Su entrenador le dio un apretón cariñoso en la rodilla.
—Buena chica; pero tú no obligaste a Kate a quedarse en casa. Ella tomó sus propias decisiones.
—Aun así…
—Quiero que lo digas tú, Zoe. Quiero oírte decir: «Kate tomó sus propias decisiones».
Zoe permaneció un buen rato con la mirada clavada en el suelo. El estruendo de la multitud aceleraba todas las aletargadas moléculas de aire en aquella diminuta estancia sin acabar. Las vibraciones de sus pies al golpear el suelo ascendían por la estructura de acero del banco y sacudían el asiento de plástico blanco en el que se sentaban.
Lentamente, Zoe alzó los ojos hacia su entrenador.
—Kate tomó sus propias decisiones —dijo en voz muy baja—. Y yo, también.
Tom sostuvo su mirada.
—Bien —dijo finalmente—. Y ahora, quítatelo de la cabeza, ¿de acuerdo? Eso es la vida; esto de aquí, deporte. Ahora solo tienes que pensar en los próximos diez minutos.
Zoe tragó saliva.
—Está bien.
Su entrenador se rio.
—Bueno, entonces no pongas esa cara de pánico.
—Escucha todo ese ruido. Estoy aterrorizada.
—Mira, Zoe, ya has hecho el trabajo más duro. Has llegado hasta la final. Lo peor que te podría pasar es ser la segunda ciclista más rápida del mundo entero. Lo peor que te podría suceder en los próximos diez minutos es que consigas una medalla de plata en unos Juegos Olímpicos.
—Exactamente.
—¿Te da miedo ganar una plata?
Zoe lo pensó por unos instantes, y luego asintió.
—Joder, preferiría morirme.
—¿Lo dices en serio?
—En serio.
Zoe respiró hondo, tras hacer varias inspiraciones, y el temblor de su cuerpo remitió.
Cuando se volvió para mirar a Tom, vio que su entrenador sonreía.
—¿Qué pasa? —quiso saber.
—Jovencita, creo que por fin estás lista para tu primera final olímpica.

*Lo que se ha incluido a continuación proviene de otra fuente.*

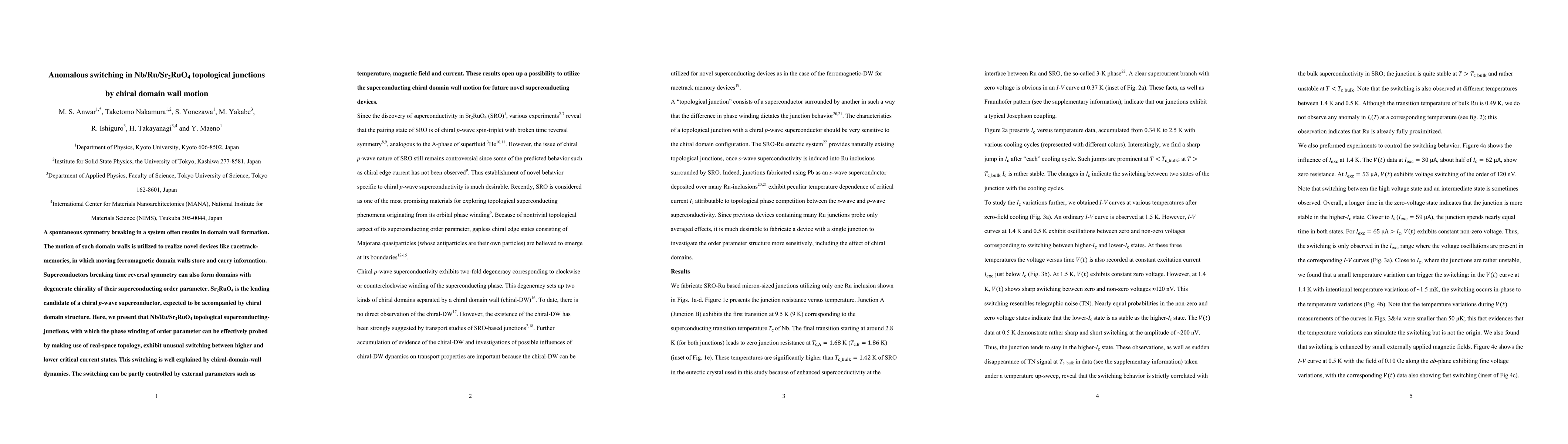 This paper investigates anomalous switching behaviors in Nb/Ru/Sr2RuO4 topological junctions, attributing the observed phenomena to chiral domain wall motion. The study suggests that domain wall dynamics can be manipulated by external factors, hinting at potential applications for novel superconducting devices.

Ahora, haznos un favor a los dos: sube en este instante ahí arriba y gana la carrera.
—Pero la puerta está cerrada…
Tom se rio.
—Solo en tu imaginación.
Zoe se levantó y empujó la puerta metálica con dos dedos, insegura. Se abrió sin ofrecer resistencia sobre sus bisagras engrasadas, y el estruendo del público sonó más alto. La puerta chocó contra su tope y emitió un ruido grave, como el de una campana.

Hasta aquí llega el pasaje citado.